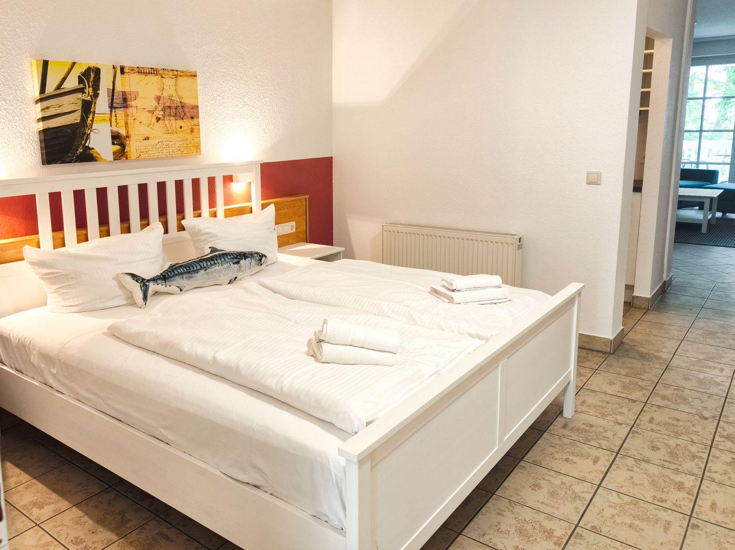 SCHLAFEN // ein Schlafzimmer mit bequemem Doppelbett, bequeme Schlafcouch im Wohnbereich (s.o.) ++
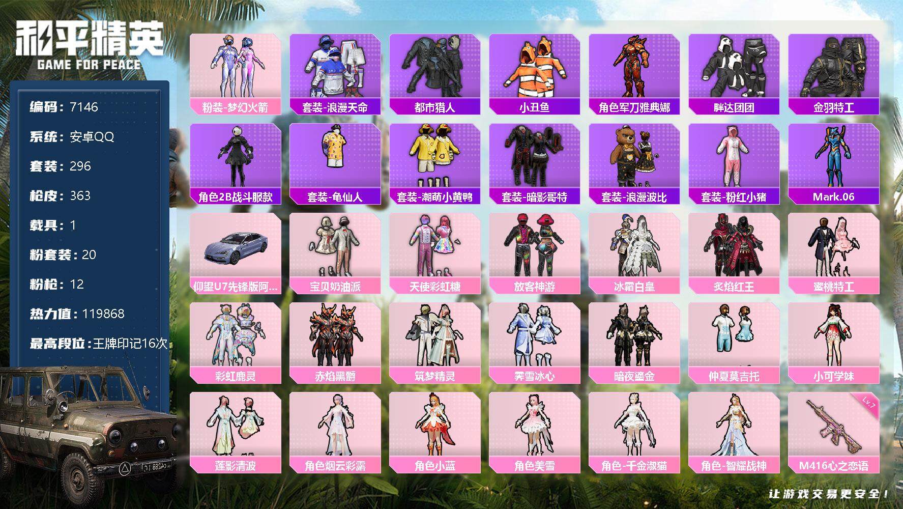 【7146】20粉装-12特效枪-1载具-119868热力值-16印记-296
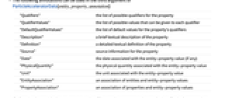"Qualifiers" the list of possible qualifiers for the property "QualifierValues" the list of possible values that can be given to each qualifier "DefaultQualifierValues" the list of default values for the property's qualifiers "Description" a brief textual description of the property "Definition" a detailed textual definition of the property "Source" source information for the property "Date" the date associated with the entity-property value (if any) "PhysicalQuantity" the physical quantity associated with the entity-property value "Unit" the unit associated with the entity-property value "EntityAssociation" an association of entities and entity-property values "PropertyAssociation" an association of properties and entity-property values - If a function is provided as an annotation, it will be used to aggregate the result data. Typical aggregation functions include:
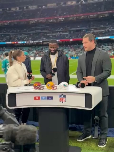 NFL西班牙赛昨晚在伯纳乌球场进行,迈阿密海豚16-13打败华盛顿指点官,吕迪格受邀现场不雅看这场比赛,并被请上驳斥席。他在酬酢媒体上晒出相片,皆达内出镜。
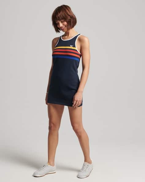 Granatowa mini sukienka z okrągłym dekoltem i bez rękawów. Idealna na wieczorową kolację lub imprezę. Wykonana z wygodnego i elastycznego materiału, dopasowuje się do sylwetki. Dodaj do niej eleganckie dodatki i będziesz wyglądać zjawiskowo!
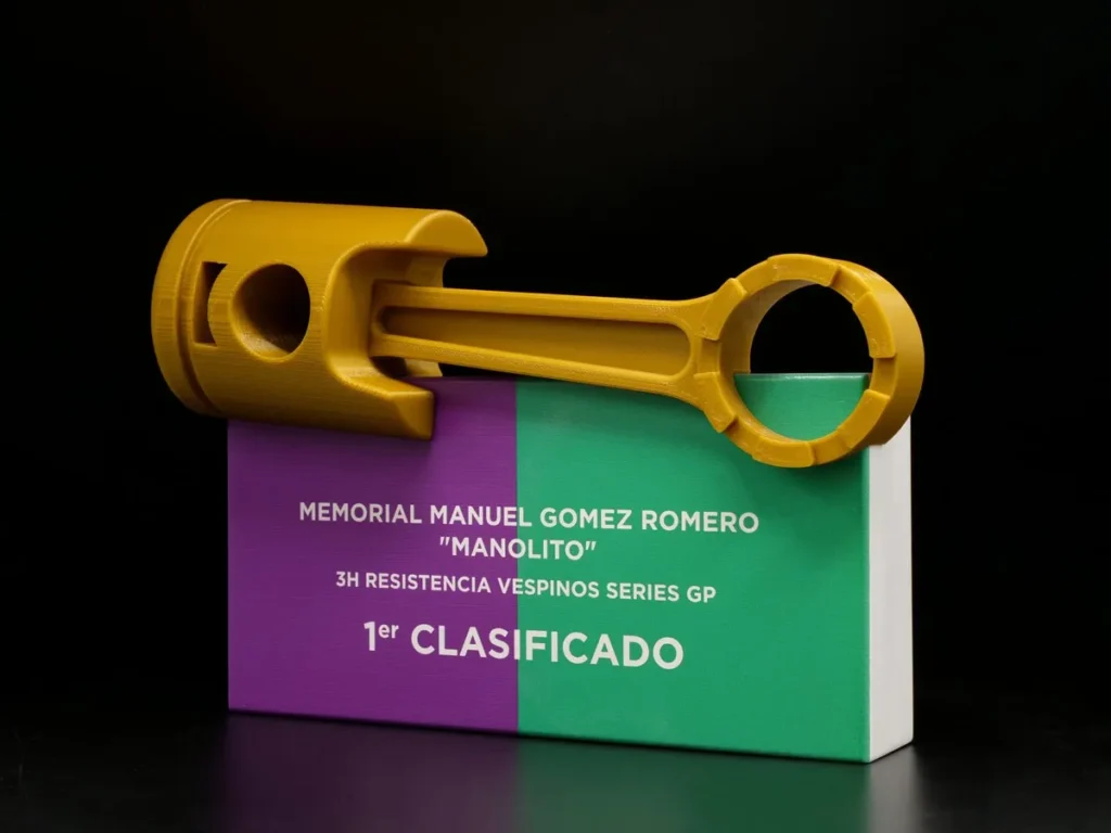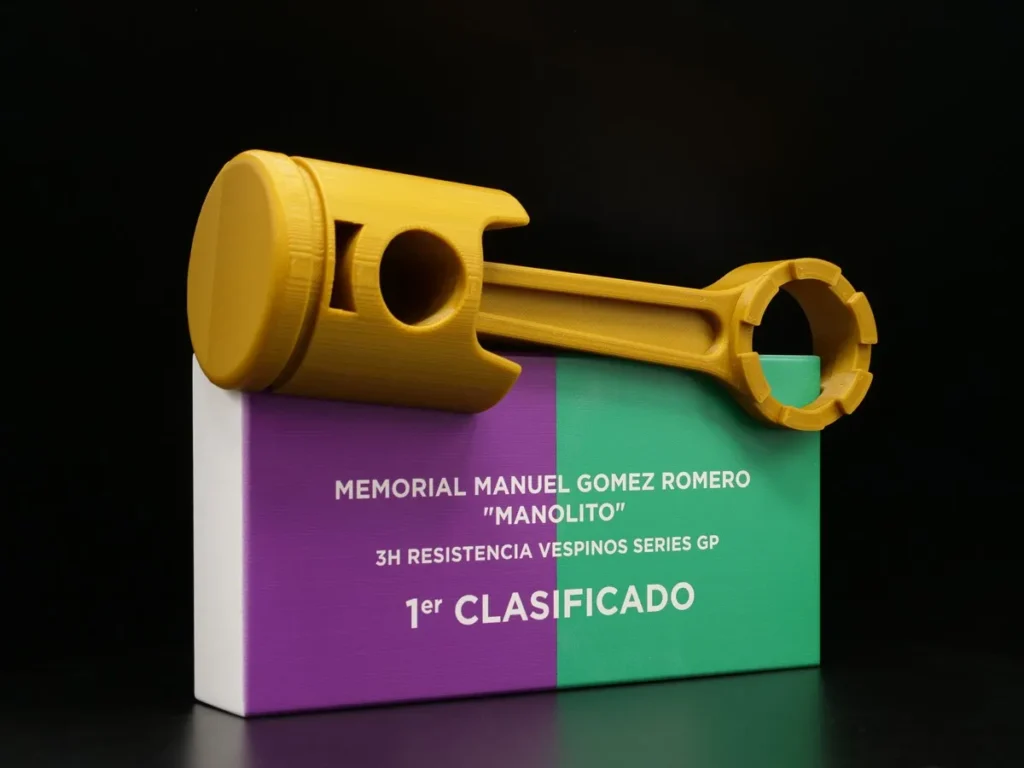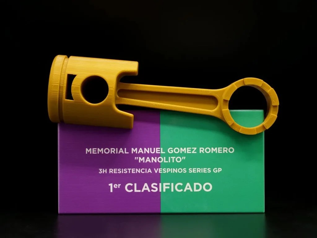 La tecnología de impresión 3D nos permitió dar forma al trofeo de motos 1º Clasificado 3h Resistencia Vespinos Series GP, un trofeo personalizado y exclusivo que sólo puedes encontrar en Mi Pequeña Fabrica.
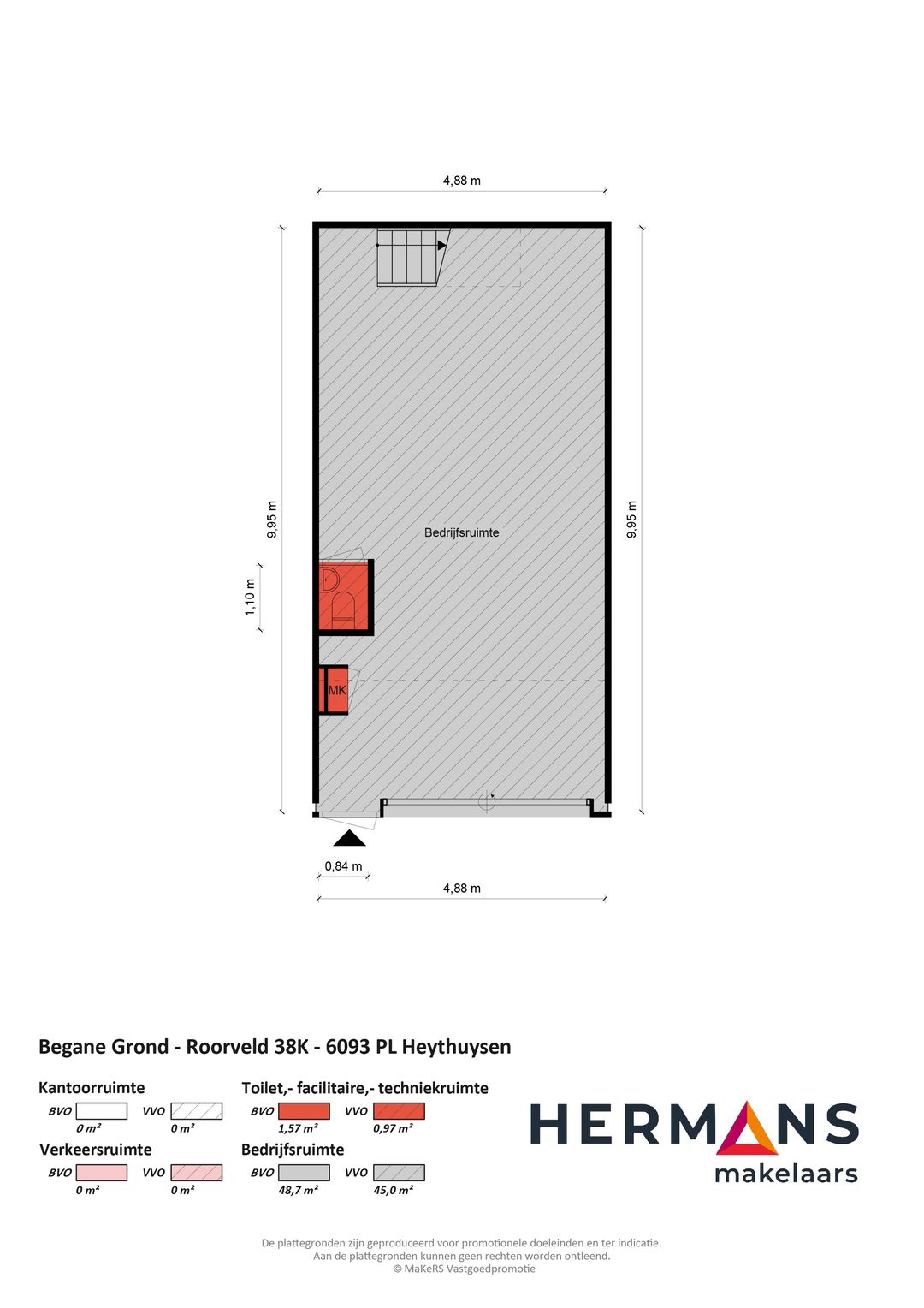 Te huur praktische bedrijfsruimte van ca. 81 m² verdeeld over twee verdiepingen aan Roorveld 38k te Heythuysen.
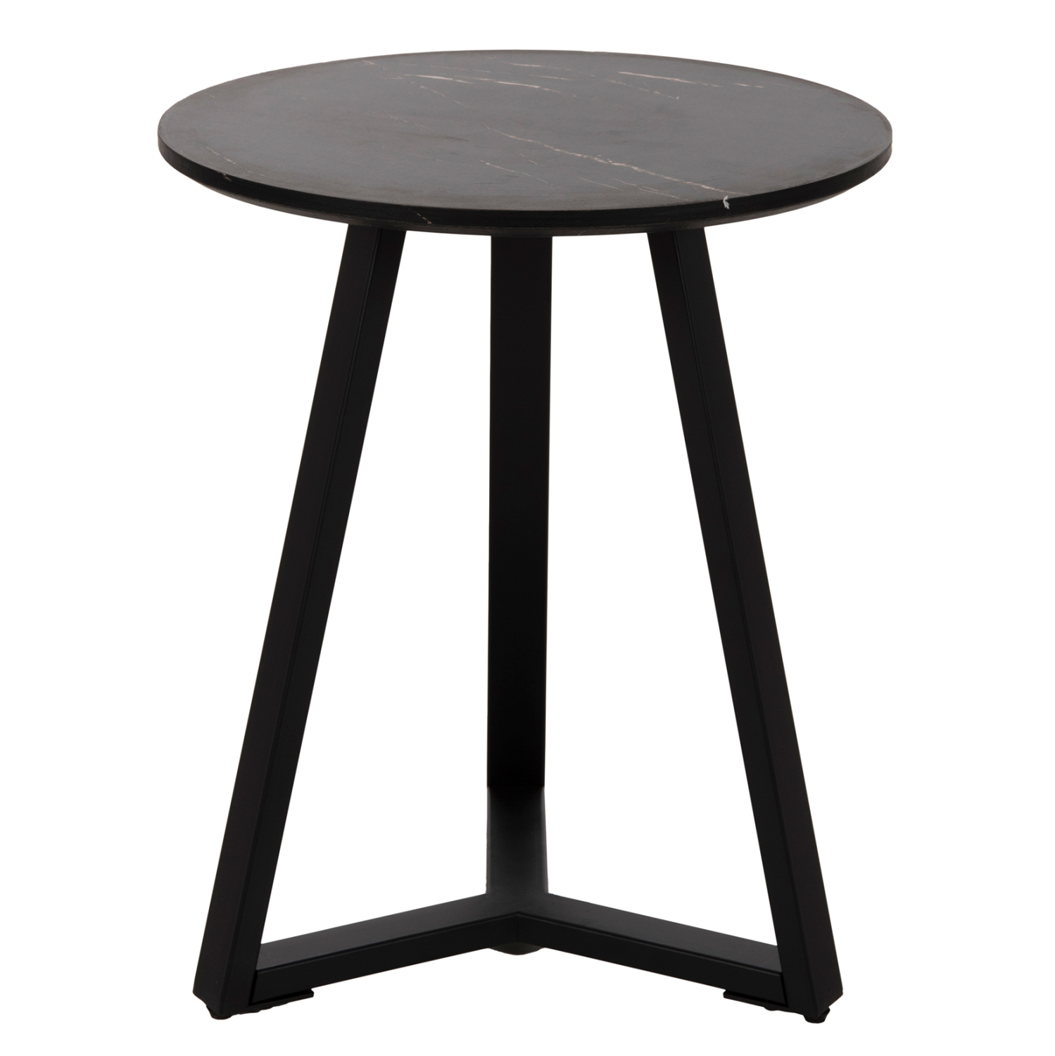 Το βοηθητικό τραπεζάκι LH10.9587.01 είναι η καινούργια προσθήκη στην γκάμα μας και θα σας ενθουσιάσει με το στυλ και την πρακτικότητά του. Πρόκειται για ένα στρογγυλό τραπεζάκι με ιδιαίτερο χαρακτηριστικό ότι η επιφάνεια στηρίζεται σε μια μοντέρνα τρίποδη βάση. Η βάση είναι μεταλλική σε ΜΑΥΡΟ χρώμα, ενώ η επιφάνεια είναι κατασκευασμένη από MDF σε χρώμα ΜΑΥΡΟΥ ΜΑΡΜΑΡΟΥ.
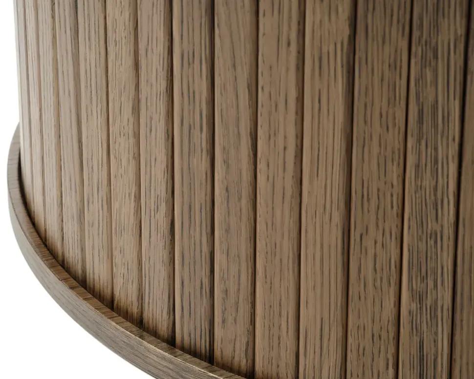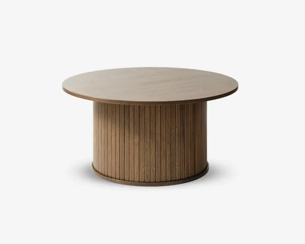 Smart sofabord i et klassisk og eksklusivt design. Bordets runde former og flotte træstruktur giver dette bord et naturligt udtryk som passer rigtig godt ind i din boligindretning. Bordet fås som her i røgfarvet eg finer, i naturfarvet eg og i sortlakeret eg finer og som et lille hjørnebord, selvfølgelig også i alle 3 farver. Så kan man virkelig skabe en smuk og iøjnefaldende indretning i stuen. • Smukt og klassisk design• Røgfarvet eg finer• Lamellook i soklen• Leveres usamlet men samles nemt• Mål i cm. DIA.Ø-90 x H.45
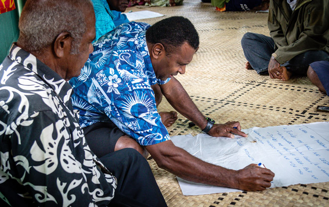Homes of Hope running an awareness training with the men and women from Vatoa Village. Credit: Tearfund New Zealand
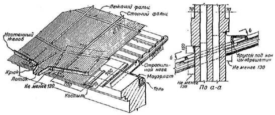 | Покрытие карниза с настенным желобом | Конек с кровельным железом |
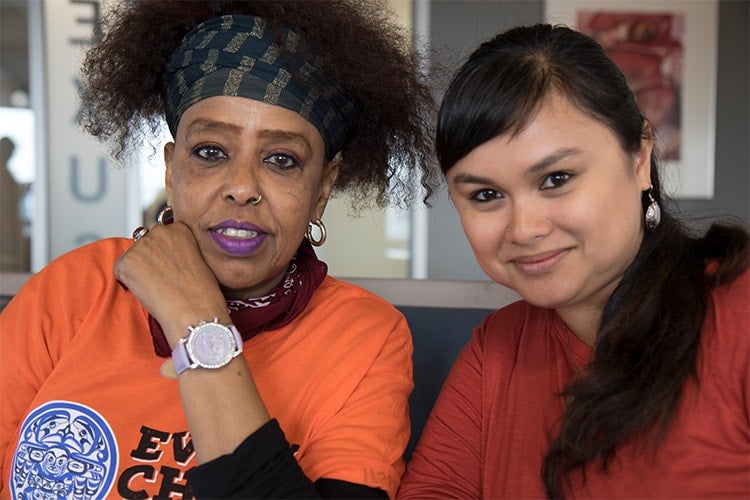 Safia Gahayr, a PhD candidate at OISE, and Ashley Caranto Morford, a PhD candidate in English, show their support for Orange Shirt Day (photo by Hannah James)
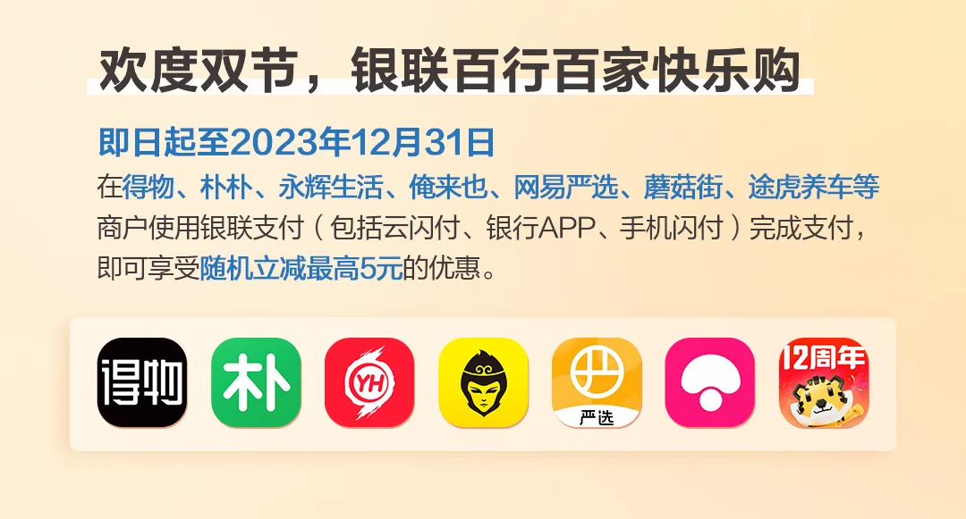 活动期间(9与25日起至12月31日)在得物、网易严选、永辉生活等App使用银联(包括云闪付、银行App、手机闪付)完成支付,也都可以享受随机立减zui高5元的优惠活动,5块钱看起来不多,但白薅的🐑毛还是很香的!商户多多,优惠多多~

### TASK INSTRUCTIONS:
Copy the lines exactly as they appear from the opening of the entries above through the line with "Te huur praktische", excluding all pictures.

### OUTPUT OF THE EXERCISE:
 SCHLAFEN // ein Schlafzimmer mit bequemem Doppelbett, bequeme Schlafcouch im Wohnbereich (s.o.) ++
 【7146】20粉装-12特效枪-1载具-119868热力值-16印记-296
"Qualifiers" the list of possible qualifiers for the property "QualifierValues" the list of possible values that can be given to each qualifier "DefaultQualifierValues" the list of default values for the property's qualifiers "Description" a brief textual description of the property "Definition" a detailed textual definition of the property "Source" source information for the property "Date" the date associated with the entity-property value (if any) "PhysicalQuantity" the physical quantity associated with the entity-property value "Unit" the unit associated with the entity-property value "EntityAssociation" an association of entities and entity-property values "PropertyAssociation" an association of properties and entity-property values - If a function is provided as an annotation, it will be used to aggregate the result data. Typical aggregation functions include:
 NFL西班牙赛昨晚在伯纳乌球场进行,迈阿密海豚16-13打败华盛顿指点官,吕迪格受邀现场不雅看这场比赛,并被请上驳斥席。他在酬酢媒体上晒出相片,皆达内出镜。
 Granatowa mini sukienka z okrągłym dekoltem i bez rękawów. Idealna na wieczorową kolację lub imprezę. Wykonana z wygodnego i elastycznego materiału, dopasowuje się do sylwetki. Dodaj do niej eleganckie dodatki i będziesz wyglądać zjawiskowo!
 La tecnología de impresión 3D nos permitió dar forma al trofeo de motos 1º Clasificado 3h Resistencia Vespinos Series GP, un trofeo personalizado y exclusivo que sólo puedes encontrar en Mi Pequeña Fabrica.
 Te huur praktische bedrijfsruimte van ca. 81 m² verdeeld over twee verdiepingen aan Roorveld 38k te Heythuysen.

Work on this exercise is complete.